Soggy weather causes Valley farmers to delay planting season

Local News

SPRINGFIELD TWP., Ohio (WKBN) – Farmers were forced to delay planting season this year because of wet and cold weather.

The last time we had a month with rainfall below normal was August, which is why farmers around Youngstown had to delay the start of farming season by nearly a month. It’s been way too muddy to get into the fields until now.

Tuesday was the first day it was dry enough for Springfield Township farmer George Houk to start planting. He likes to be finished by May 10.

“We want the plants to be at their maximum leaf exposure when we have the longest days so that we can utilize the most sunlight,” he said.

Haley Shoemaker, with the Mahoning County Extension Service, said across the state of Ohio, only 9% of corn and 4% of soybeans have been planted. The five-year average by this time is 62% corn and 35% soybeans.

“Locally, we’re pretty far behind right now,” she said.

The delay was caused by spring’s wet and cool weather.

“It makes it really hard to get equipment, heavy equipment, in the fields.

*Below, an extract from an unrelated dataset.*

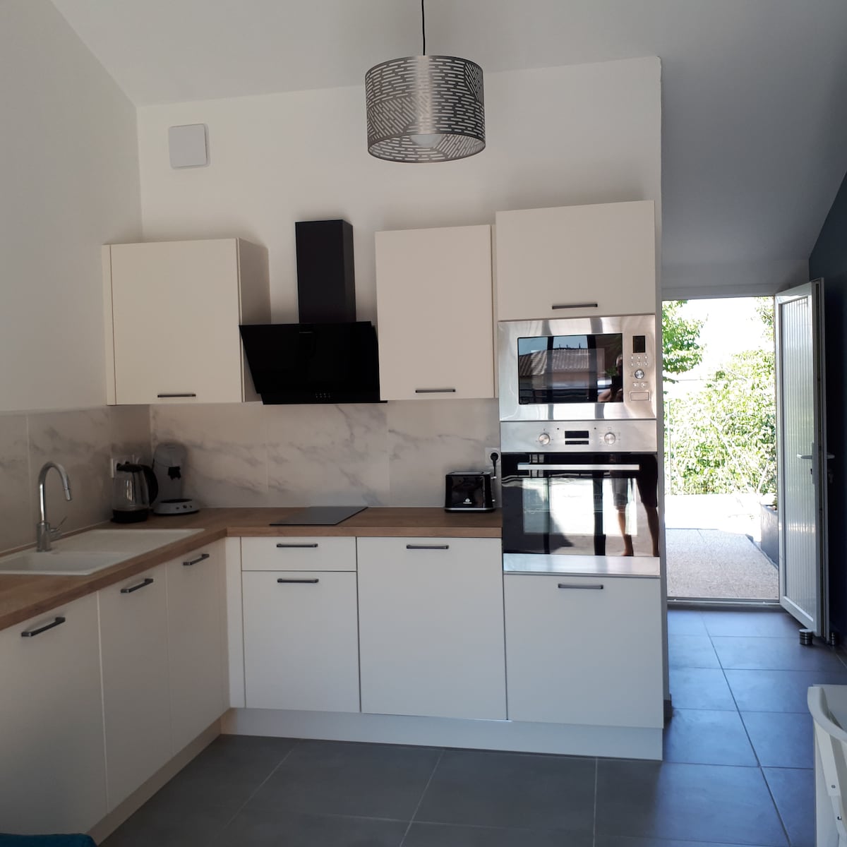 Pozdravljeni, ponujam vam ločeno stanovanje v zasebni hiši, v kateri zasedam sebe in svoje otroke, Imate priložnost za parkiranje 2 vozil, rjuh in brisač, ki so vključeni S teraso in vrtnim pohištvom. Stanovanje je klimatizirano in v celoti obnovljeno. V bližini trgovin (Leclerc,Auchan,avtoceste) Želim vam prijetno bivanje

You don’t want to track up the fields and ruin that topsoil layer when you’re in there, tracking and mudding up the fields,” Shoemaker said.

“It’s not too dry, but it’s not too wet,” Houk said.

He dug into the field to show how the soil is crumbling.

“But when it crumbles, you’re OK,” he said.

With the soil drying, Houk hopes to get corn planted this week and then start on soybeans.

There are lights on his tractor.

“Yeah, we’ll be out here until well after the 11:00 news tonight,” he said.

If everything goes perfectly, which rarely happens in farming, Houk hopes to be done sometime next week.

Just because planting is starting late, that doesn’t necessarily mean there will be low yields at harvest.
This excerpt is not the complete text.